- [WHAT YOU HAVE TO DO]:
Given these entries, repeat exactly the lines starting with the one that has "BlackRock ra mắt" and going on through the one that has "Titre : Seven", both included, but none of the pictures.
GIVEN DATA Start Marker
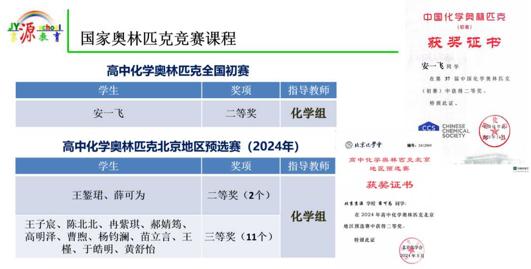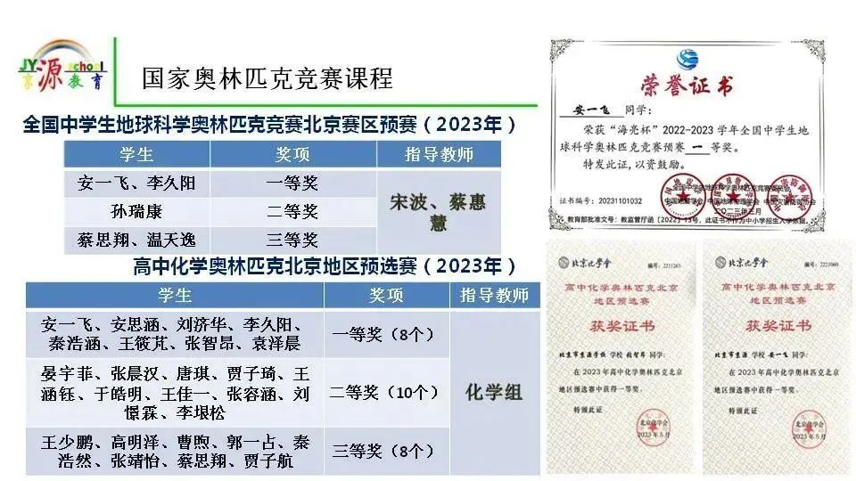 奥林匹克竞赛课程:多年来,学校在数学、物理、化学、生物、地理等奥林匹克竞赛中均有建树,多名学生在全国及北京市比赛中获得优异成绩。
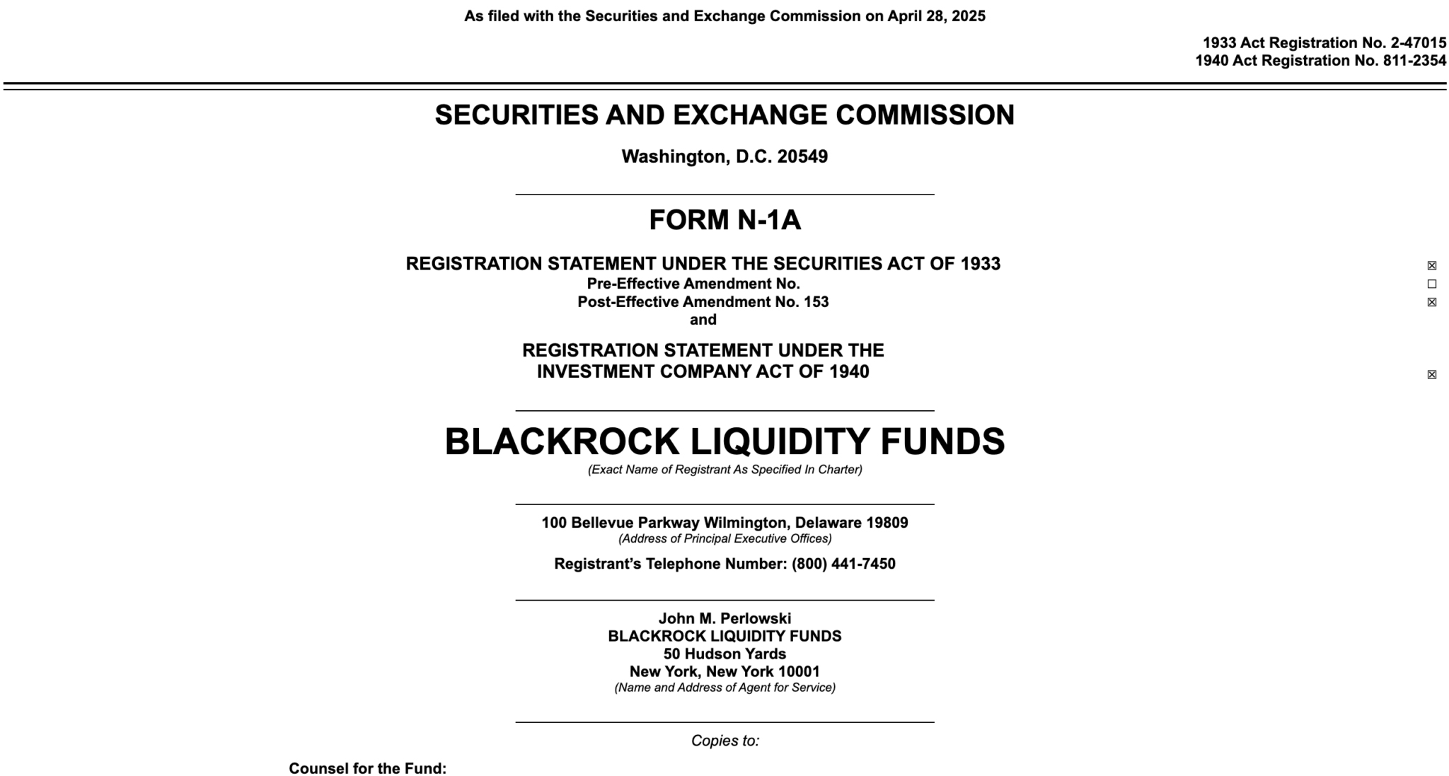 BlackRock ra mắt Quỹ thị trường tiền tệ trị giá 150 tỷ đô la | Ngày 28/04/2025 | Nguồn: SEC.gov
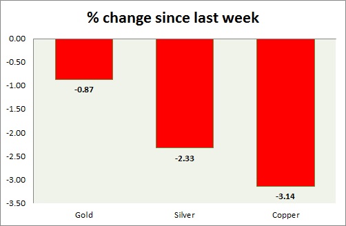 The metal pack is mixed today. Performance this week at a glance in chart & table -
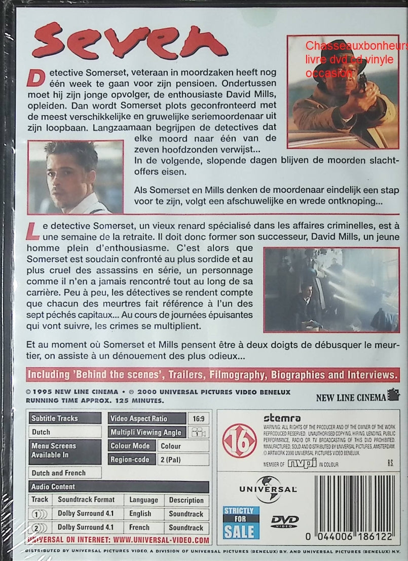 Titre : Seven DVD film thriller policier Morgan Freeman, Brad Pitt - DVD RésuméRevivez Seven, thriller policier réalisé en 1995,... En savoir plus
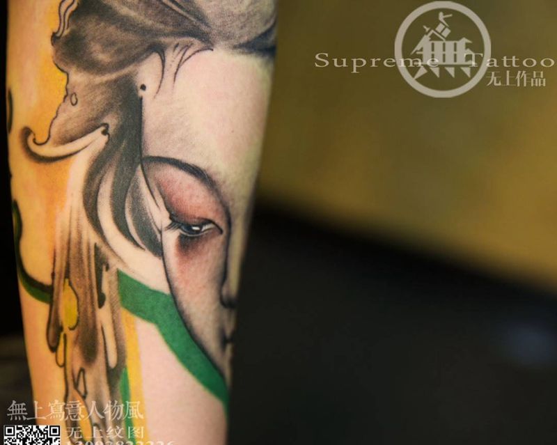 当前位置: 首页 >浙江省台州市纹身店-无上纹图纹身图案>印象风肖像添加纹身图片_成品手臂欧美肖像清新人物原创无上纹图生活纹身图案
GIVEN DATA End Marker
GIVEN DATA Start Marker
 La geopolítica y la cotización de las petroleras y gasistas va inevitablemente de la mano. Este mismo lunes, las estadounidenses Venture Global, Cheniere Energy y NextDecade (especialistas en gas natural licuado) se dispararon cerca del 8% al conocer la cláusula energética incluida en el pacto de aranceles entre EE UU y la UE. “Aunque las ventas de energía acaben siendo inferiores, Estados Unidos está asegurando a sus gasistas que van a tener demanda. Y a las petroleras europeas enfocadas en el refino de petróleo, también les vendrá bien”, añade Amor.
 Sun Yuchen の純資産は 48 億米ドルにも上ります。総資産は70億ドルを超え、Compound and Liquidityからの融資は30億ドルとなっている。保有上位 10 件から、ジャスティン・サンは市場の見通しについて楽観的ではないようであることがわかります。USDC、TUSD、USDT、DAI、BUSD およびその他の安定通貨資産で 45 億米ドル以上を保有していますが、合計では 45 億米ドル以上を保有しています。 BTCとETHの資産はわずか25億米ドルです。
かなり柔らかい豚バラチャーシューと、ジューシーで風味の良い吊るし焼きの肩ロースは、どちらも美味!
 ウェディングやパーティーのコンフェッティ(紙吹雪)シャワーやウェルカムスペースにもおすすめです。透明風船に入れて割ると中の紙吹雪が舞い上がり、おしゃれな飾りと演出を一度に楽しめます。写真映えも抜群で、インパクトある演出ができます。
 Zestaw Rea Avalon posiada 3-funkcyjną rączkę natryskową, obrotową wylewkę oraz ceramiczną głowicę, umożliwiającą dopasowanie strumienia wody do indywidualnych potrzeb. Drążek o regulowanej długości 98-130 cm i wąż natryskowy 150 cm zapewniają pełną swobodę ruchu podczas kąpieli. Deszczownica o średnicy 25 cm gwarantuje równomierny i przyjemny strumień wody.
GIVEN DATA End Marker
- [RESPONSE BOX]:
 BlackRock ra mắt Quỹ thị trường tiền tệ trị giá 150 tỷ đô la | Ngày 28/04/2025 | Nguồn: SEC.gov
 The metal pack is mixed today. Performance this week at a glance in chart & table -
 Titre : Seven DVD film thriller policier Morgan Freeman, Brad Pitt - DVD RésuméRevivez Seven, thriller policier réalisé en 1995,... En savoir plus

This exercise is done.